Data records:
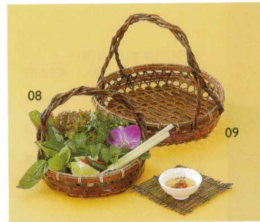
14-130-08 (23352) 淡路籠(小) 2,000円 約φ18×H16.5(4.7)cm
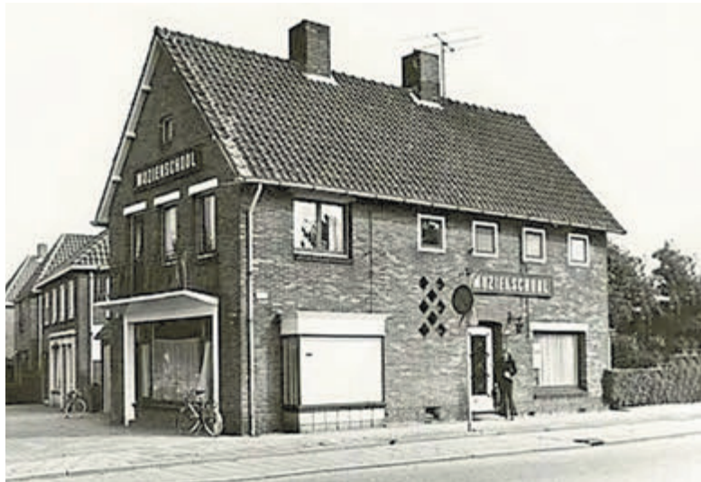
De voormalige muziekschool op de hoek van de Mient en de Ruiterweg.
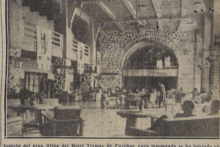
Aspecto del gran living del Hotel Termas de Puyehue, cuya temporada se ha iniciado con extraordinario éxito.
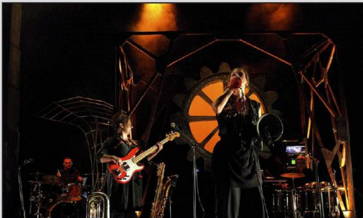
La Roulette rustre, de remarquables artistes, chanteurs et multi-instrumentistes.
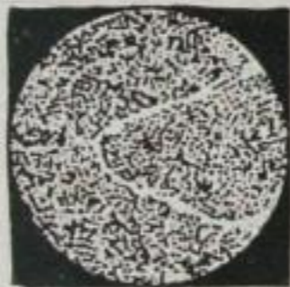
Querschnitt eines gesunden Nervenzündels

Warum ermüden wir, ehe unser Wille am Ende ist? Warum müssen wir, kaum erwachsen, unweigerlich so bald altern? Bietet die Natur kein Mittel, sich der Kräfterschöpfung sowie des leidigen Alterns zu erwehren? Wir wissen heute: Müdigkeit und Ermattung entstehen durch Ablagerung schlackenartiger Stoffe, der Ermüdungstoxine. Diese zu beseitigen, brauchen die Nerven ausreichende Nährstoffzufuhr.
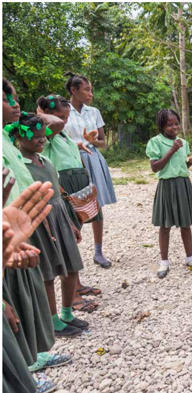
Barn deltar i en animasjonssesjon på Child Friendly Space på en
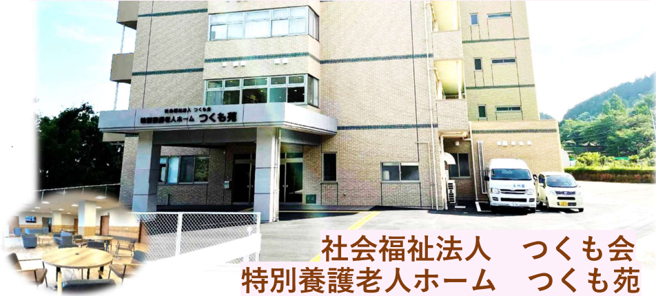
社会福祉法人 つくも会 特別養護老人ホーム つくも苑
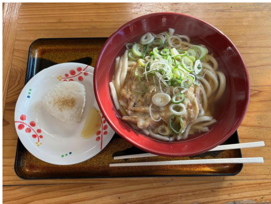
(大晦日の朝食 某うどん屋 20205.12.31)

振り返ってみると、20は成人式が市民会館で行われた。初めて背広上下を着た。30歳は、2つめの勤務先で5年目を迎え、仕事の面でもプライベートでも充実した日
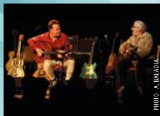
8 FÉVRIER : LA NUIT DE LA GUITARE
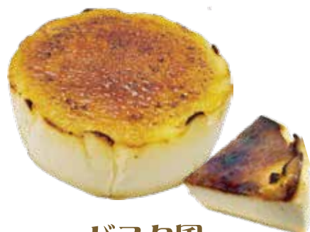
バスク風 チーズケーキ ¥500 (¥550)
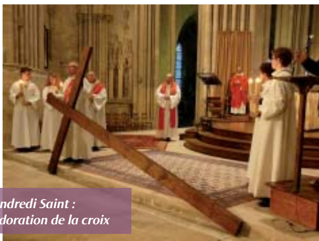
Vendredi Saint : l'adoration de la croix
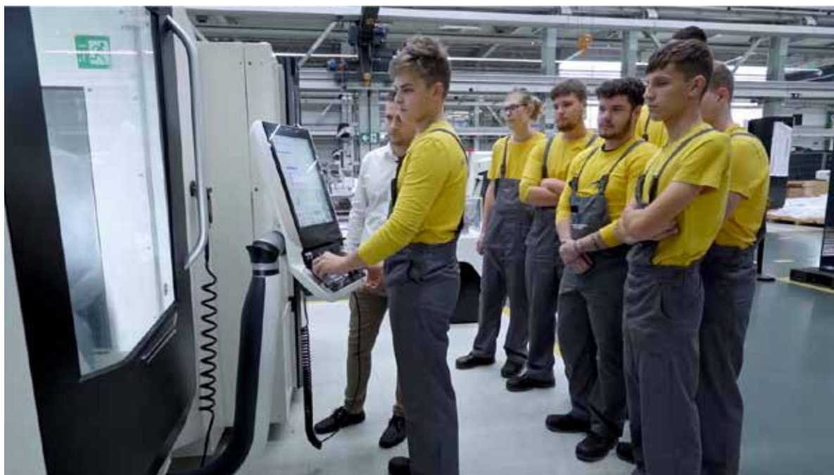
Fot. 9. Uczniowie kształcą się w zawodach deficytowych, m.in. operatora obrabiarek CNC

– Kluczem do sukcesu była partnerska współpraca i wspólne tworzenie programów nauczania łączących teorię z praktyką – dodaje Izabela Spiżak. – Równie ważne było zapewnienie dostępu do technologii, z jakimi uczniowie będą pracować w przyszłości. Dzięki temu budujemy trwałe relacje między szkołą a firmą.
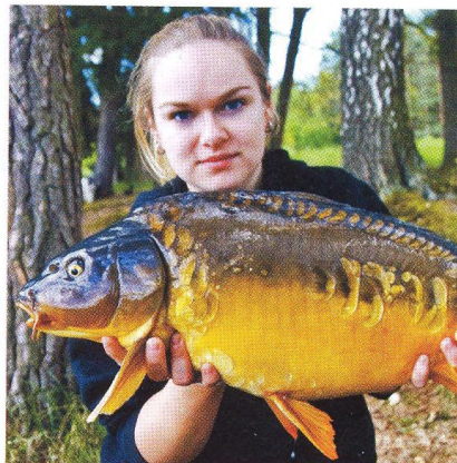
22 Kapři z mělčín
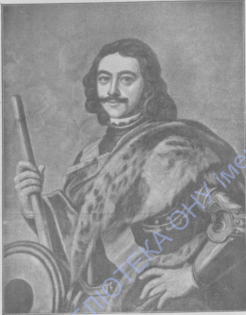
Императоръ Петръ Великій, основатель Петербурга.

Aim of the task: Should a record include a picture, omit it from your copy and return the rest unchanged.

Your response:
14-130-08 (23352) 淡路籠(小) 2,000円 約φ18×H16.5(4.7)cm
De voormalige muziekschool op de hoek van de Mient en de Ruiterweg.
Aspecto del gran living del Hotel Termas de Puyehue, cuya temporada se ha iniciado con extraordinario éxito.
La Roulette rustre, de remarquables artistes, chanteurs et multi-instrumentistes.
Querschnitt eines gesunden Nervenzündels

Warum ermüden wir, ehe unser Wille am Ende ist? Warum müssen wir, kaum erwachsen, unweigerlich so bald altern? Bietet die Natur kein Mittel, sich der Kräfterschöpfung sowie des leidigen Alterns zu erwehren? Wir wissen heute: Müdigkeit und Ermattung entstehen durch Ablagerung schlackenartiger Stoffe, der Ermüdungstoxine. Diese zu beseitigen, brauchen die Nerven ausreichende Nährstoffzufuhr.
Barn deltar i en animasjonssesjon på Child Friendly Space på en
社会福祉法人 つくも会 特別養護老人ホーム つくも苑
(大晦日の朝食 某うどん屋 20205.12.31)

振り返ってみると、20は成人式が市民会館で行われた。初めて背広上下を着た。30歳は、2つめの勤務先で5年目を迎え、仕事の面でもプライベートでも充実した日
8 FÉVRIER : LA NUIT DE LA GUITARE
バスク風 チーズケーキ ¥500 (¥550)
Vendredi Saint : l'adoration de la croix
Fot. 9. Uczniowie kształcą się w zawodach deficytowych, m.in. operatora obrabiarek CNC

– Kluczem do sukcesu była partnerska współpraca i wspólne tworzenie programów nauczania łączących teorię z praktyką – dodaje Izabela Spiżak. – Równie ważne było zapewnienie dostępu do technologii, z jakimi uczniowie będą pracować w przyszłości. Dzięki temu budujemy trwałe relacje między szkołą a firmą.
22 Kapři z mělčín
Императоръ Петръ Великій, основатель Петербурга.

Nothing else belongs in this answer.